Il concetto di gabbia le risultò più facile da comprendere. Per un denrisiano non c'era tortura peggiore della perdita di libertà e ogni canone o regole a cui si aderiva non poteva che condurre a questo risultato. La stessa Marina che era entrata a Hogwarts era morta tra quelle mura lasciando che, dal cadavere, si liberasse un imenottero più maturo e pronto ad affrontare il mondo.
«Un giorno anche quest'isola ti starà stretta».
Nessuno avrebbe saputo dire se quella frase fosse stata detta come monito od offesa, presagio o scommessa. Gli occhi d'un ceruleo fittizio si persero verso l'Orizzonte, lì, dove Sigurth aveva indicato. Un respiro le abbandonò il corpo nel congiungersi alla consapevolezza che le stesse norme del villaggio, canoni e regole annesse, fossero catene troppo strette per chi bramava l'avventura e la libertà. Sigurth era una tra queste persone, la sua compianta Nara lo stesso.
Lentamente il capo ruotò verso l'isola dimenticando il mare che si era lasciata alla destra. Lo sguardo non esitò neanche un istante sui Monti o sulla Foresta Eterea, come neanche tra le strade del Villaggio o il maggiore tra i suoi Templi. Come lance nella carne della preda ambita, le pupille affondarono nella Torre del Capovillaggio.
Di fronte alle regole che limitano la libertà esistono tre alternative. Sottomettersi, come facevano in molti. Scappare, come gli avventurieri. O piegarle al proprio volere, come gli eroi il cui difetto fatale rispondeva al nome di ambizione erano soliti fare.
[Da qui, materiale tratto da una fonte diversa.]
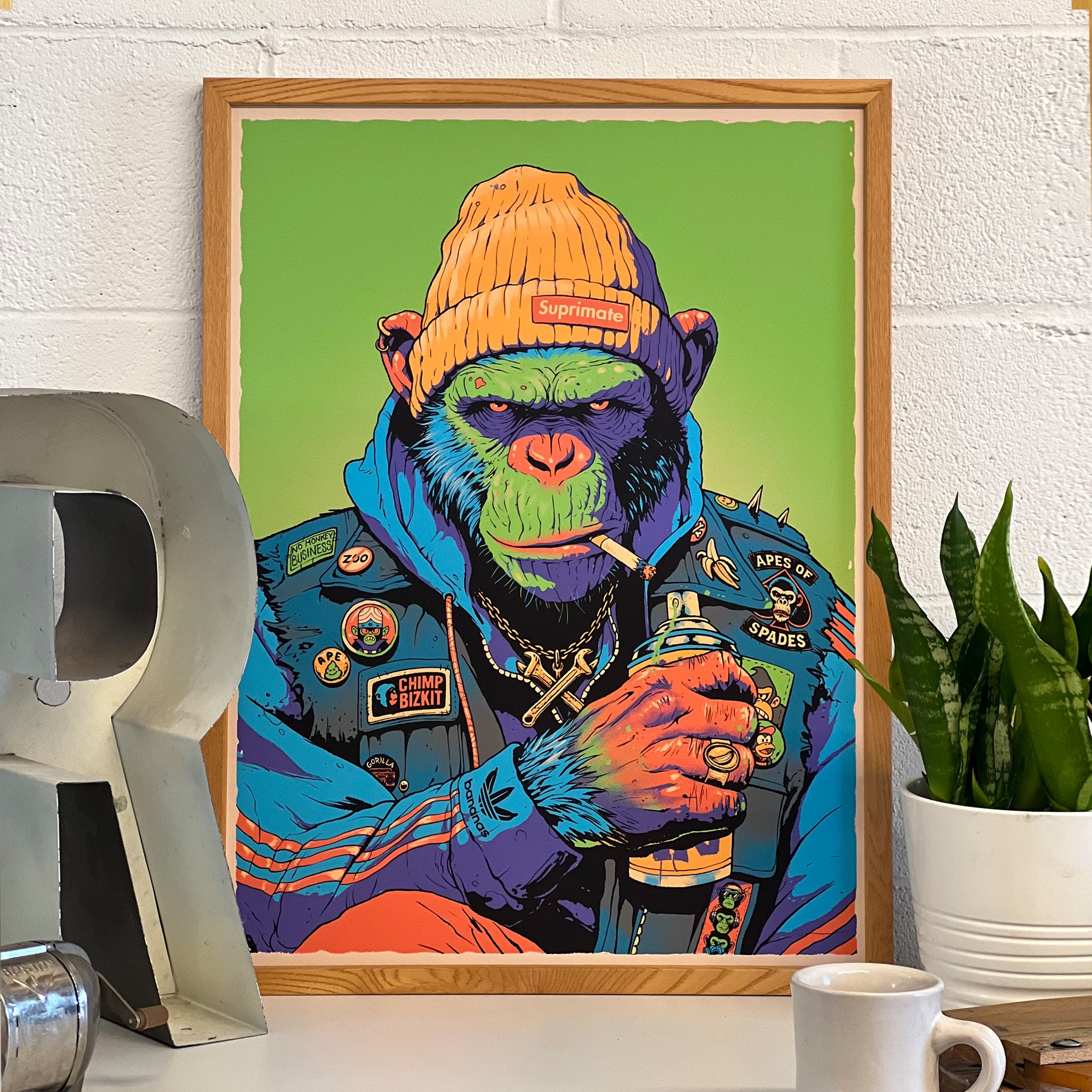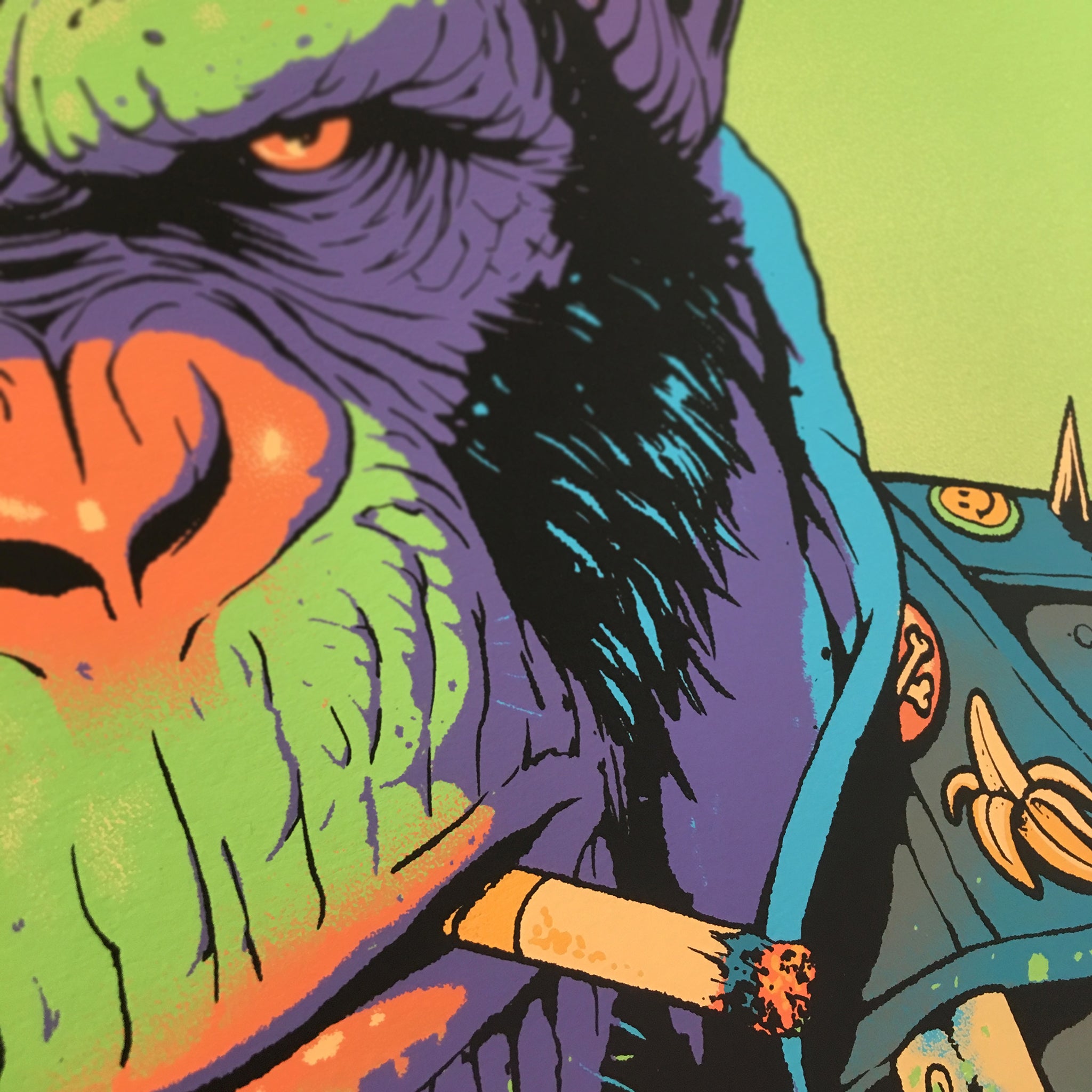 Niclas Mortensen's iconic "Monkey" design produced as an 18 x 24", 9 color screen print with neon colors on 111# Keakolour cover stock. This punk monkey will brighten up any wall and spike conversation with all the easter eggs in the details, enjoy!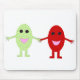 Moinho branco com um desenho bonito de uma uva vermelha sorridente com uma uva verde sorridente, ambas têm olhos negros brilhantes e boca rosa. Clique no botão personalizar para escolher entre um intervalo de diferentes mousepads de cor.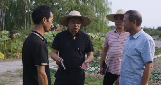 新港村田間地頭“草帽議事”。良渚街道供圖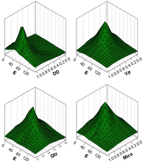 Before applying boosting and bagging techniques to data, an input selection has been conducted. As previously mentioned, this study adopted a likelihood ratio test for selecting the most relevant inputs for predicting the E. The candidate inputs included DD, Vp, Qtz, Mica, Chl, Plg, and Kpr. This test then selected Vp, Qtz, DD, and Mica, respectively, as the most relevant E prediction inputs. Figure 4 provides a series of 3D density diagrams of the selected variables and shows the frequency distribution of pairs of each input variable and the target variable (E). The inputs selected in this step will be used to develop the standard, boosting, and bagging models.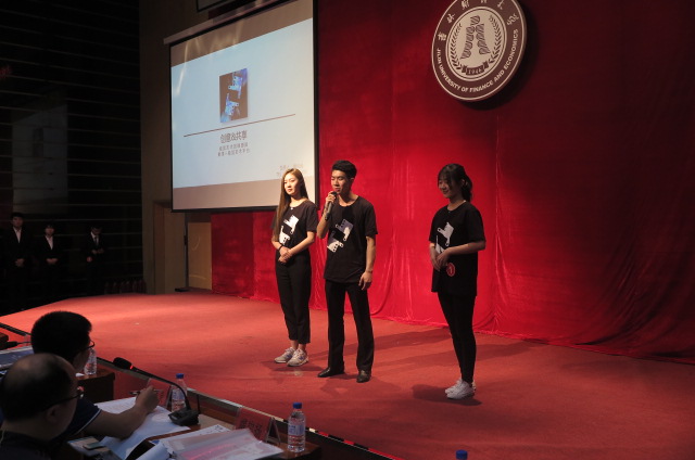 比赛开始,15组参赛队伍依次上台进行项目路演以及现场答辩。果冻传媒 两支参赛队伍分别是由何子悦、夏伟峰、潘妍霏、常文希等组成的初创组“点孵教育团队”和由夏伟峰、田淼鸿等组成的创意组“影享+团队”。其中“点孵教育团队”展示了其智慧校园的项目内容以及财务状况。“影享+团队”在比赛中围绕其服务对象、商业计划、团队简介等内容进行展示,并在现场答辩中思维敏捷,赢得评审老师的赞赏。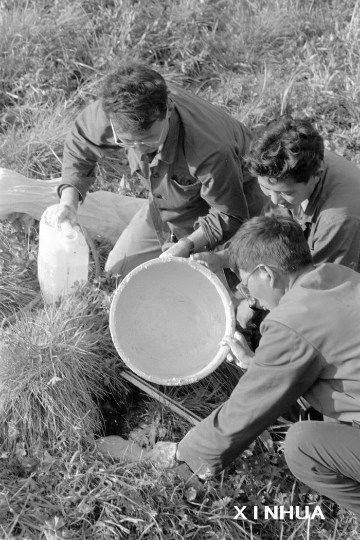 在神农架海拔二千多米的半壁岩地方,考察队员发现一个可能是“野人”的脚印,他长达四十公分。图为考察队员正在浇灌脚印的石膏模型。
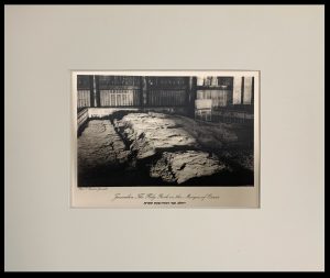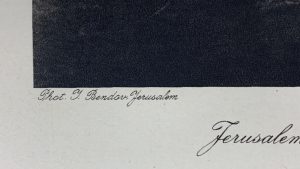 Hanania Brothers were photo technicians on Jaffa Road in Jerusalem, generally thought to be in operation from the 1910s through the 1930s. In 1927 (according to Paris’ Musée d’Art et d’Histoire du Judaïsme), Hanania Brothers published a portfolio of photogravures (also known as héliogravure) from Yaakov Bendov’s photographs of Jerusalem. This work comes from that portfolio, which is now exceptionally rare.

«Sembra uno stile molto interessante anche se la grande presenza di barriere anti-smaterializzazione potrebbe rendere il tutto estremamente complesso. Forse potrei avere qualcosa di utile verso l'Autunno a tale scopo».
Sollevò le spalle con noncuranza, dando il massimo dell'importanza alle parole del predone ma riponendo il minimo della fiducia su coloro che le recapitavano i tesori più ambiti.
«Hai mai pensato di stringere un patto con degli spiriti? È una scelta rischiosa, incredibilmente rischiosa, ma che sa pagare chi è forte di ideali e di intenti».
Marina scivolò con un passo al fianco di Sigurth lasciando le dita della mano destra libere di scivolargli dal torace alla schiena.
«Le Valchirie non sono solo emissarie di Odino ma anche incredibili guerriere. Se saprai catturarne i favori potrebbero darti un paio di ali e, magari, guidare i tuoi colpi esorcistici contro i nemici».
Non poteva avere la certezza di quanto detto ma se c'era una cosa che non mancava alle persone ambiziose, quella cosa era proprio la capacità di viaggiare con la mente.